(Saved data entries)

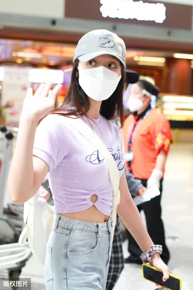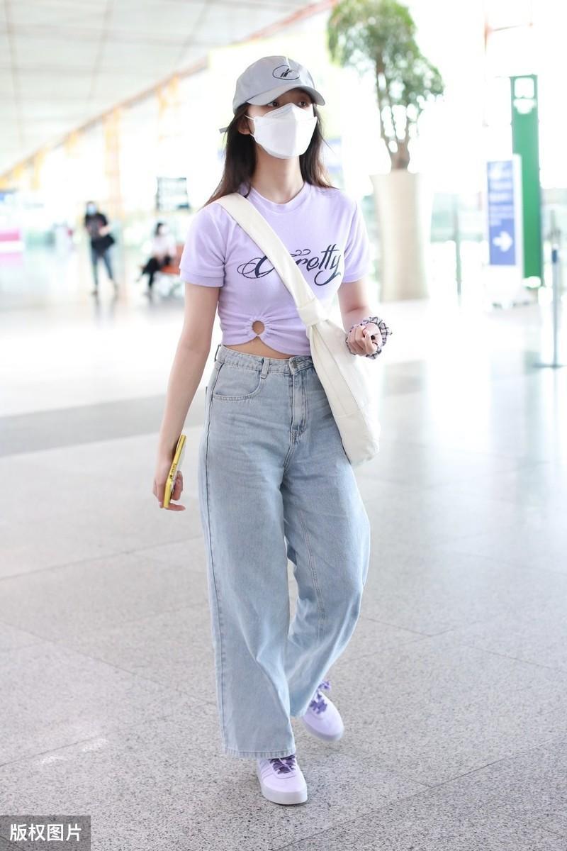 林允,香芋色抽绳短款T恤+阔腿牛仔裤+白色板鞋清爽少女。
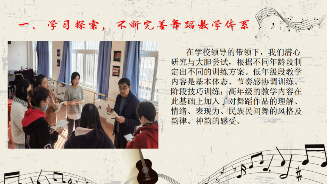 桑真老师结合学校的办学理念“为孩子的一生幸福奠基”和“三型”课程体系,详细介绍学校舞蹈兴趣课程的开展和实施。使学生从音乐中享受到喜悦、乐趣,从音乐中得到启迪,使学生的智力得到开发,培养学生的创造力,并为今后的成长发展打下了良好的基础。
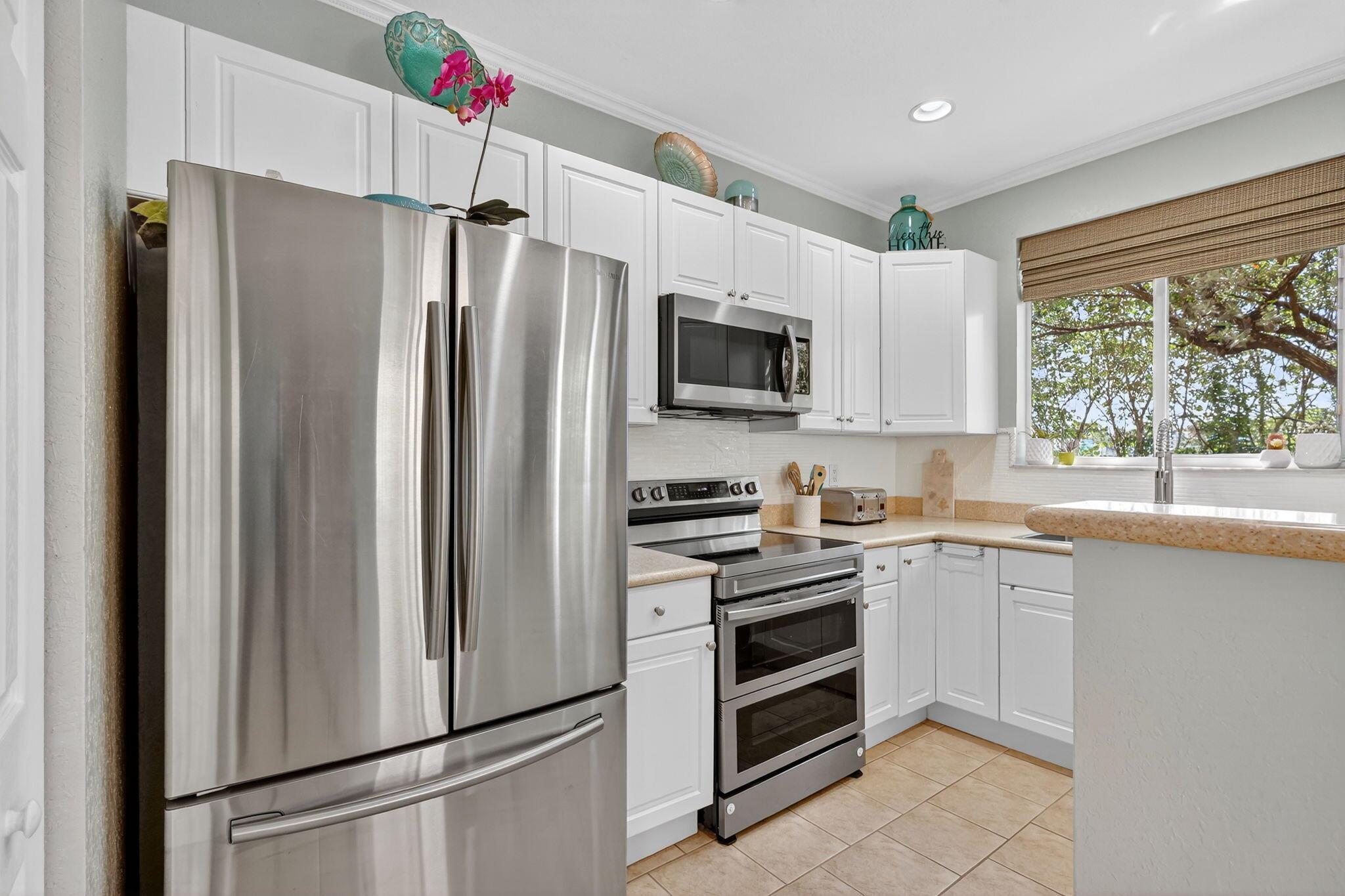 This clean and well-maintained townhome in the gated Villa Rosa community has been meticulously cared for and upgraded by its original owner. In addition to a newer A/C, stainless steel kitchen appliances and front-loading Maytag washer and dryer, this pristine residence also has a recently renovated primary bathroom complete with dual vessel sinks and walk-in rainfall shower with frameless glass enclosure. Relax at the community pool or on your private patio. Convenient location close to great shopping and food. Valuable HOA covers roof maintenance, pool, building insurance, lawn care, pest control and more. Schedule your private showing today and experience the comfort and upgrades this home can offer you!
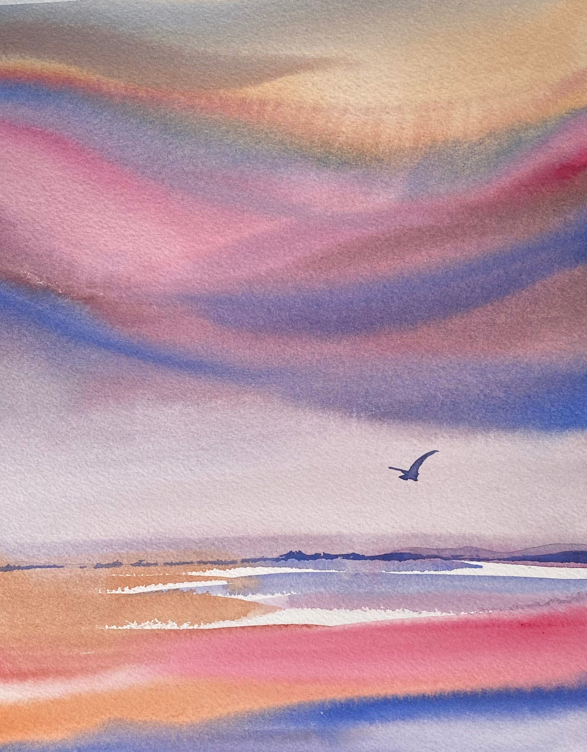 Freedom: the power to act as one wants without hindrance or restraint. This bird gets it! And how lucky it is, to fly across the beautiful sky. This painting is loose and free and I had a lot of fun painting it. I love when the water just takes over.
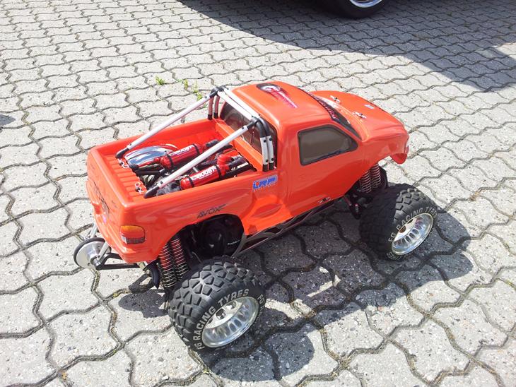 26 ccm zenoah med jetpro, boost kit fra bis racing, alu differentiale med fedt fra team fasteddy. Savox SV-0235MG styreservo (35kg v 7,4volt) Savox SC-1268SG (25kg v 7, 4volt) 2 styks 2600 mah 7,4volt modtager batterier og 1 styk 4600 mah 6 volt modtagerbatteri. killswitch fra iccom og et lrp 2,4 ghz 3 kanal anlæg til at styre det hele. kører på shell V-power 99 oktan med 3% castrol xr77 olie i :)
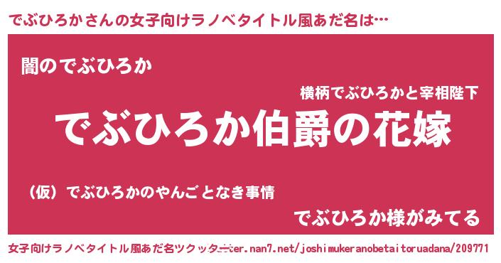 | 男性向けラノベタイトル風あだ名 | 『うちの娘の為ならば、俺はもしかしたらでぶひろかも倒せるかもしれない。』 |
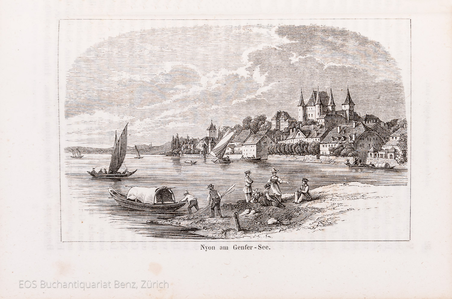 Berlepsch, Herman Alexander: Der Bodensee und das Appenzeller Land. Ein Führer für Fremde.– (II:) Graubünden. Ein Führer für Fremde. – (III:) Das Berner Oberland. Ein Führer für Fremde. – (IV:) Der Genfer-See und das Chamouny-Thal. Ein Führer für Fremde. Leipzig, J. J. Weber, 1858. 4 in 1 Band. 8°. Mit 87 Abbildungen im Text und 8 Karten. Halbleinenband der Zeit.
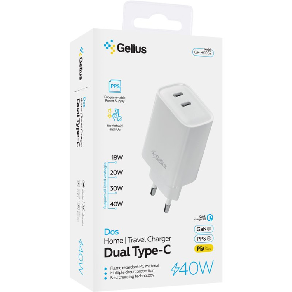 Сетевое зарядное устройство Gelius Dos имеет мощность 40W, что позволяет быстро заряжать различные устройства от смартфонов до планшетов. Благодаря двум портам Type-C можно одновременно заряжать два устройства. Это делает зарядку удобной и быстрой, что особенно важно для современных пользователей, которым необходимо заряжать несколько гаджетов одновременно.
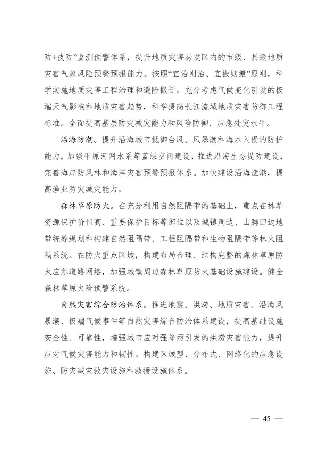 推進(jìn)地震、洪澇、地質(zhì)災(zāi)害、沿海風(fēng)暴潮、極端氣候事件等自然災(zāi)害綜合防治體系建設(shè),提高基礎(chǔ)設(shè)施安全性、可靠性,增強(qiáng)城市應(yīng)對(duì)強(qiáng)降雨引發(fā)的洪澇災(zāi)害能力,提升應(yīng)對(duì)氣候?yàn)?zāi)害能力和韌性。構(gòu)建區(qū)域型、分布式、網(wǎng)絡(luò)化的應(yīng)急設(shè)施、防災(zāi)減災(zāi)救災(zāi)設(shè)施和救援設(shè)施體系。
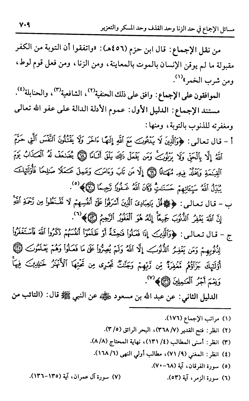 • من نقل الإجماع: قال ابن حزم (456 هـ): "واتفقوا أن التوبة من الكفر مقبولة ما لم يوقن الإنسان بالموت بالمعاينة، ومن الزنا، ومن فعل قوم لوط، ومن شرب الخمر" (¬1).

§ **Task to complete**
The pictures stay out; repeat exactly the lines from the one with "Сетевое зарядное устройство" to the end of the entries above, and nothing else.

§ **Response box**
 Сетевое зарядное устройство Gelius Dos имеет мощность 40W, что позволяет быстро заряжать различные устройства от смартфонов до планшетов. Благодаря двум портам Type-C можно одновременно заряжать два устройства. Это делает зарядку удобной и быстрой, что особенно важно для современных пользователей, которым необходимо заряжать несколько гаджетов одновременно.
 推進(jìn)地震、洪澇、地質(zhì)災(zāi)害、沿海風(fēng)暴潮、極端氣候事件等自然災(zāi)害綜合防治體系建設(shè),提高基礎(chǔ)設(shè)施安全性、可靠性,增強(qiáng)城市應(yīng)對(duì)強(qiáng)降雨引發(fā)的洪澇災(zāi)害能力,提升應(yīng)對(duì)氣候?yàn)?zāi)害能力和韌性。構(gòu)建區(qū)域型、分布式、網(wǎng)絡(luò)化的應(yīng)急設(shè)施、防災(zāi)減災(zāi)救災(zāi)設(shè)施和救援設(shè)施體系。
 • من نقل الإجماع: قال ابن حزم (456 هـ): "واتفقوا أن التوبة من الكفر مقبولة ما لم يوقن الإنسان بالموت بالمعاينة، ومن الزنا، ومن فعل قوم لوط، ومن شرب الخمر" (¬1).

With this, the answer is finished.